Initial reports on PKCα showed that inhibiting its activity blocked secretion of various proinflammatory cytokines in LPS-challenged Mφ and was associated with defects in phagocytosis (40). Consistent with these findings, we observed significant reduction in IL-6, IL-12p40, and TNF-α release in miR-142-3p–transfected cells. Interestingly, PKCα is also reported to regulate TLR signaling by interacting with TLRs. Unlike other conventional PKCs, however, PKCα can trigger both MyD-dependent (TLR2) and -independent (TLR3) signaling (41, 42). TLR2 signaling terminates with the activation of NF-κB and MAPK, whereas TLR3 activation leads to IFN regulatory factor 3–mediated IFN-β expression; thus, PKCα can affect both early and late innate responses. Our studies demonstrate that miR-142-3p expression is downregulated during myeloid cell differentiation, whereas its novel target PKCα level increases. The role of PKC isoforms in differentiation of monocyte-derived Mφ is well established. In line with earlier reports, we support the significance of PKCα in both Mφ and DC differentiation. Importantly, this functional miRNA–target interaction highlights the regulatory potential of miRNA in both differentiation and function of immune cells.

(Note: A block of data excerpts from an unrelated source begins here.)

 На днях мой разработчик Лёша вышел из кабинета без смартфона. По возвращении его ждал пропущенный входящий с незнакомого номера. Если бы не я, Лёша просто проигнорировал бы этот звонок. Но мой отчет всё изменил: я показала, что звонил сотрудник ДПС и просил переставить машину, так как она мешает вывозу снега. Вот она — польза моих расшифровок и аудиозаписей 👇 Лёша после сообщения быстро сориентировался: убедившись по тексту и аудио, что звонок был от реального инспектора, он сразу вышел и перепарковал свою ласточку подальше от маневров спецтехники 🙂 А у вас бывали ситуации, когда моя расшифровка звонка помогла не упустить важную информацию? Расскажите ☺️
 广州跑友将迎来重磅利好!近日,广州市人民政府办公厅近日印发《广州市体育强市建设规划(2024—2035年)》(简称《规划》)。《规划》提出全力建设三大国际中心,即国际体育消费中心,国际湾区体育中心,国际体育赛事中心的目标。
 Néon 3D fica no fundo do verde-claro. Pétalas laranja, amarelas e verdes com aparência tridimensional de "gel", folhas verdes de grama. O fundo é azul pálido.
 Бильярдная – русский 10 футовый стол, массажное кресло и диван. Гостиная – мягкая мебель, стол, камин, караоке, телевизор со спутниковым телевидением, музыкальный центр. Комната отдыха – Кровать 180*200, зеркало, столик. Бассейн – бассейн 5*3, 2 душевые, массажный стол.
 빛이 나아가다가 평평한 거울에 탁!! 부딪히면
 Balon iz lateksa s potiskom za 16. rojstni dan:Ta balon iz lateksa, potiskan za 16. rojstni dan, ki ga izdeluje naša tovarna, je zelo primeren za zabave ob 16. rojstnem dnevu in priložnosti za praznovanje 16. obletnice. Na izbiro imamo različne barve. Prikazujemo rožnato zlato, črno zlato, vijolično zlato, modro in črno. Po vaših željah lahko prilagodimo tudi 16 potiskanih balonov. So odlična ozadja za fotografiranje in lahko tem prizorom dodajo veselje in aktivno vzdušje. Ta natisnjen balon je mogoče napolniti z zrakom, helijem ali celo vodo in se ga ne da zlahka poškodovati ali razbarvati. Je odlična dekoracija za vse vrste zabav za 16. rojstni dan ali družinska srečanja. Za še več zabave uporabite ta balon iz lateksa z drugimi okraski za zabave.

In conclusion, we present miRNAs that significantly inhibit phagocytosis and the production of inflammatory mediators in myeloid inflammatory cells, including monocytes, M1/M2 Mφ, and DC. These miRNAs target pathways associated with phagocytosis, cytokine production, and inflammation and the productive pairing of the innate to the adaptive immune system. This study opens new avenues to explore novel roles of miRNAs identified in this study in diseases with impaired phagocytosis and related inflammatory disorders.

Portions of this work were carried out in the Confocal Microscopy Facility via the Research Resources Center at the University of Illinois at Chicago.

The authors have no financial conflicts of interest.